Auto and FMCG data suggest consumers are tightening discretionary spending, especially in semi-urban markets.
“Growth is holding up, but the recovery is uneven. Until private consumption rebounds, RBI will tread carefully,” said Saugata Bhattacharya, Chief Economist, Axis Bank.
💬 What Market Experts Are Saying
The bond and equity markets have largely priced in an unchanged policy.
The 10-year government bond yield held steady at 7.22%, while the Sensex gained modestly on expectations of a policy pause.
Banking sector analysts also expect no immediate impact on lending rates, though liquidity management remains tight due to festive demand for cash.
“We don’t expect any repo hike or cut this time. The tone will be neutral to slightly hawkish,” said Rohit Arora, Market Strategist, HDFC Securities.
“Liquidity injections through open market operations could ease short-term pressures.”
🗣️ RBI Governor’s Likely Message
RBI Governor is expected to maintain his characteristic cautious optimism in the post-policy press briefing.
Sources close to the central bank indicate that Das may emphasize the need to “anchor inflation expectations while supporting growth momentum,” reaffirming the RBI’s commitment to data-driven decisions.

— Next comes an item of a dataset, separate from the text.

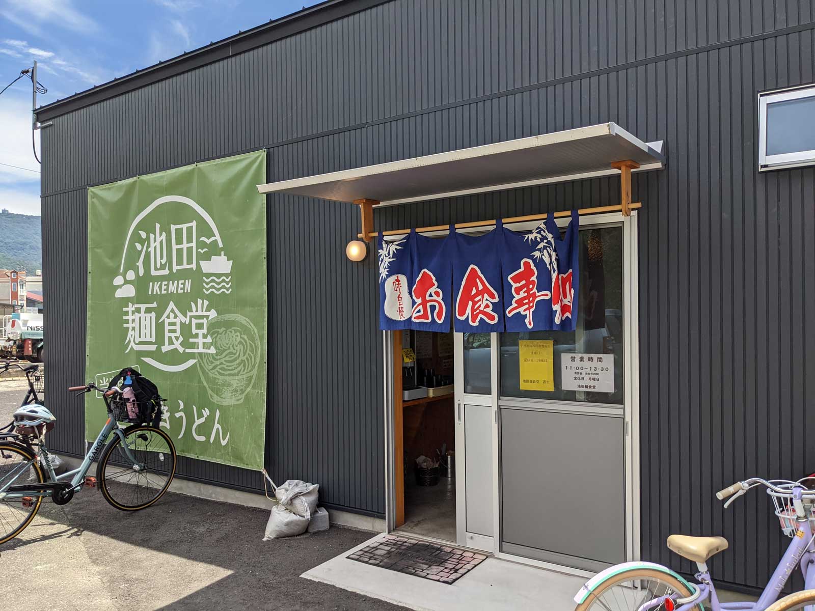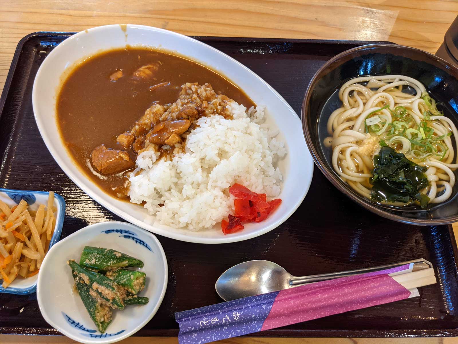 次はお昼ごはんをどこかで食べなくてはならない。 だが、4連休の真っ只中で、小豆島はレンタカーや兵庫・大阪のナンバーが多かった。 店も休日は閉まっているところが多く、池田港の前にある「池田麺食堂」でお昼ごはん。 三女はそうめん、自分はカレーライス+うどんのセットにした。 結構エネルギー消費しててうどんって気分ではなかったので、ご飯系メインでおまけでうどんにしたのだ。 うどんは麺がメチャメチャ細かった。 カレーはまぁまぁ美味しかった。

“We are not looking for immediate rate cuts. The focus remains on durable price stability,” Das reportedly told senior officials during an internal review meeting earlier this week.
🧩 The Road Ahead
Analysts forecast that the RBI may begin considering rate cuts by mid-2026, provided inflation remains under 5% for two consecutive quarters.
Until then, a neutral stance with targeted liquidity interventions appears to be the strategy.
India’s macroeconomic fundamentals — strong forex reserves, stable rupee, and fiscal discipline — continue to support the central bank’s cautious approach.
“Patience is the new policy tool,” quipped Ananth Narayan, Senior Fellow at NCAER.
“RBI’s restraint today is what ensures stability tomorrow.”
🏁 Conclusion
As the world’s fifth-largest economy faces uncertain global headwinds, the RBI’s steady hand remains its strongest asset.
A pause on the repo rate is not a sign of inaction — it’s a signal of prudence, reflecting India’s focus on long-term stability over short-term stimulus.
The next few quarters will reveal whether the RBI’s gamble on patience pays off — or whether inflation once again tests the limits of policy endurance.